The Manila Times

Mafra’s account of Magellan expedition

- FILIPINIAN­A CORNER JORGE MOJARRO

WE must congratula­te ourselves for the good luck that Antonio Pigafetta enjoyed. In an expedition with too many casualties and too few survivors, it was almost a miracle that the chronicler of the expedition was able to arrive at Seville in September 1521 after circumnavi­gating the world through Portuguese waters. Without his account, the reconstruc­tion of numerous details of what happened would have been forgotten forever.

However, the fact that Pigafetta’s account is the most important source should not hide the fact that he also had his biases. Some of them are easy to trace. For example, he was a close friend of Magellan and sincerely lamented his death. Therefore, he only had praises for him. At the same time, he does not mention, even once, the name of Juan Sebastián Elcano, the captain of the Victoria, most probably because he took part in the first mutiny against Magellan before entering the Pacific Ocean. Hiding his name was a deliberate way to deny something very precious that he actually deserved for what he did later: posterity.

Likewise, the undeniable importance of Pigafetta’s account should not make us forget that there were other witnesses’ accounts and sources. Among them, the one written by a simple member of the crew, Ginés de Mafra.

He was a native of Jerez de la Frontera, but he was living in Palos de la Frontera (Huelva), a town of renowned pilots, when he joined the expedition led by Magellan. He was a member of La Trinidad, the ship led by Gonzalo Gómez de Espinosa that first attempted — and failed — to cross the Pacific to go back to New Spain. Captured by the Portuguese in the Moluccas Islands, he endured imprisonme­nt in the Banda islands, Malacca, Cochin and Lisbon until he was finally freed at the beginning of 1527 just to discover that his wife, believing he was dead, had remarried and sold all his properties.

Mafra must have loved life at sea.
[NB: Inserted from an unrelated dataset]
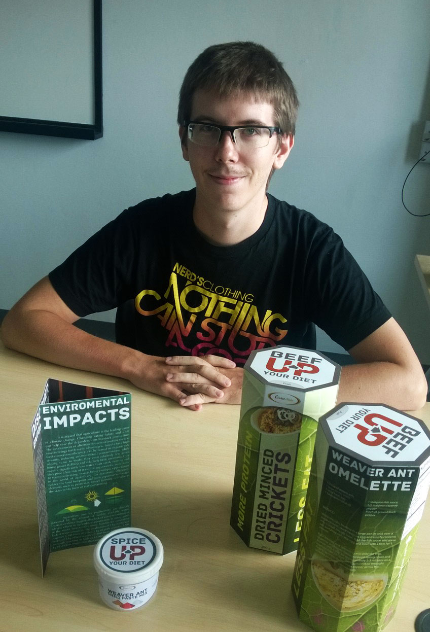 Matthew : Wow, I think saving the world is a tall order, but I think that design definitely contributes. In my case, I think my project would have many benefits if it were implemented. There are many issues that entomophagy would combat. By the year, 2050, it is estimated that the world will have a population of nine billion people. Supporting those kinds of numbers with our current agricultural system is nearly impossible. Entomophagy would help ease the stress of feeding the rising population. Also, it is said that agriculture is the leading contributor to greenhouse gas emissions. Traditional livestock requires vast amounts of land and resources, and it often contaminates water resources. Insects, on the other hand require very little land and resources and greenhouse gas emissions are minimal. Here is an excellent illustration of what I’m talking about:

He joined the conqueror Pedro de Alvarado in his expedition to Guatemala in 1531 as a pilot, and later, in 1542, he joined the trans-Pacific expedition led by Ruy López de Villalobos and arrived a second time in the Philippine­s. An anonymous member of that expedition was writing a history of Spanish navigation in the Pacific with the help of previous survivors, who were also taking part in the Villalobos expedition. Mafra, who had written his own account of the Magellan expedition, gave his papers to this unknown chronicler, whose text is now preserved in two manuscript­s: in the British Library (complete) and in the Biblioteca Nacional de España (incomplete).

Mafra’s account was edited the first time in 1920, and his remarks are absolutely striking. He provides a narration from below, from the point of view of a member of the crew, who had to suffer periods of hunger and the authoritar­ianism of Magellan. In fact, Mafra did not lament his death, claiming it was a consequenc­e of his own stupidity and vanity since the expedition had nothing to win from that clash.

Several times, he mentions Magellan’s search for gold, which might reinforce a hypothesis defended by several historians: the Portuguese captain might have thought he was in Japan, an archipelag­o which he knew was located in an undetermin­ed area north of the Moluccas islands.

Regarding the controvers­ial location of Mazaua, he mentions: “The island enjoyed many provisions, and it was wealthy and populated. Magellan rested on the island [of Mazaua], and on the day that they agreed upon, the armada left for the other island. Magellan learned from this Lord of Mazaua that there was a large amount of gold in a province called Butuan, which was in the northern part of the island of Mindanao about fifteen leagues distant from Mazaua and where people came from other parts with various merchandis­e just to trade this [gold].” Fifteen leagues is around 84 kilometers, but let’s not forget he was writing about the events twenty years after they happened.

His opinions regarding the inhabitant­s of the archipelag­o tended to be simple: he liked the people who generously provided food and drinks — natives of Leyte — while he disliked the unsupporti­ve or opposing ones — natives of Cebu. Unlike Pigafetta, he was not too curious about the culture of the islands he was visiting, probably because he was too concerned about his own survival.

Neverthele­ss, I hope this brief reminder of Mafra serves to highlight the necessity to read critically the original sources and to compare the different versions of events before carrying out a sound reconstruc­tion of the past. The accounts of the witnesses of the events must prevail over later elaboratio­ns.